Cães de corrida estudados por Davis conseguiram manter seu glicogênio muscular depois de corridas repetidas, mesmo quando seu consumo de carboidratos correspondia a apenas 15% do total de calorias consumidas.
Um estudo de 1973 mostrou que cães correndo em uma dieta sem carboidratos levam vantagem em comparação com rações ricas em carboidratos.
Eles têm mais glóbulos vermelhos e níveis mais altos de hemoglobina, além de serem menos vulneráveis às deficiências de minerais que são comumente causadas por exercícios exaustivos. Para cães de corrida, quanto mais gordura, melhor.
"Você não poderia adotar essa dieta com cães domésticos, mesmo um husky siberiano. Alguns tipos de raças podem morrer de inflamações no pâncreas se comerem repentinamente uma grande quantidade de gordura", explica Erica McKenzie, da Oregon State University.
Quando um cão doméstico consome uma grande quantidade de gordura, ácidos graxos aparecem na corrente sanguínea. Mas isso não acontece com puxadores de trenó.
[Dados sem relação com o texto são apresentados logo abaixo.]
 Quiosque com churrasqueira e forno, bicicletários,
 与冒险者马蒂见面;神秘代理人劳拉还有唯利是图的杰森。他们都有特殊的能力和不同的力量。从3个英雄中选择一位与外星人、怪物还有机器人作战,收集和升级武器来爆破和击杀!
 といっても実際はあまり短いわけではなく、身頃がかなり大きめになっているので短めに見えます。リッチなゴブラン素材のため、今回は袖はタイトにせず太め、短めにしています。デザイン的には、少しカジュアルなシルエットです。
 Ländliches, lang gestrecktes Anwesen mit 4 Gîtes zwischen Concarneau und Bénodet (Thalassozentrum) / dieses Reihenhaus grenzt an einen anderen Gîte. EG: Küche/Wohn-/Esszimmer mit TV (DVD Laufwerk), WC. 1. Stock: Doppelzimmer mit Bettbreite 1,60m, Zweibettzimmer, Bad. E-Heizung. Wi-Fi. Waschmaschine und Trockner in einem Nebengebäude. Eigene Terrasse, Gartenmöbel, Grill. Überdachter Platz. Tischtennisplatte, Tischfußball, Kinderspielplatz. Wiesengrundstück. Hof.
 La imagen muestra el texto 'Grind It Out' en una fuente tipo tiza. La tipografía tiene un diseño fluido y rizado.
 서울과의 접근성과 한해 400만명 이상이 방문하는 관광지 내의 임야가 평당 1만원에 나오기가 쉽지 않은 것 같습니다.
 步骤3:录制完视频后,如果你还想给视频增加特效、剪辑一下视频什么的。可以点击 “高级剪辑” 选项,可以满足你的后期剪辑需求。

Os cientistas sempre pensaram que os depósitos de gordura eram transportados diretamente do sangue para as células para serem usados como combustível - isso é o que acontece em atletas de resistência.
Porém, as pesquisas de Davis indicam que os puxadores de trenó queimam carboidratos em vez de gorduras, mesmo em exercícios de baixa intensidade.
"Todas as vezes em que achamos ter encontrado a explicação para essa incrível resistência, os cachorros trazem uma resposta diferente, que acreditávamos ser impossível", diz Davis.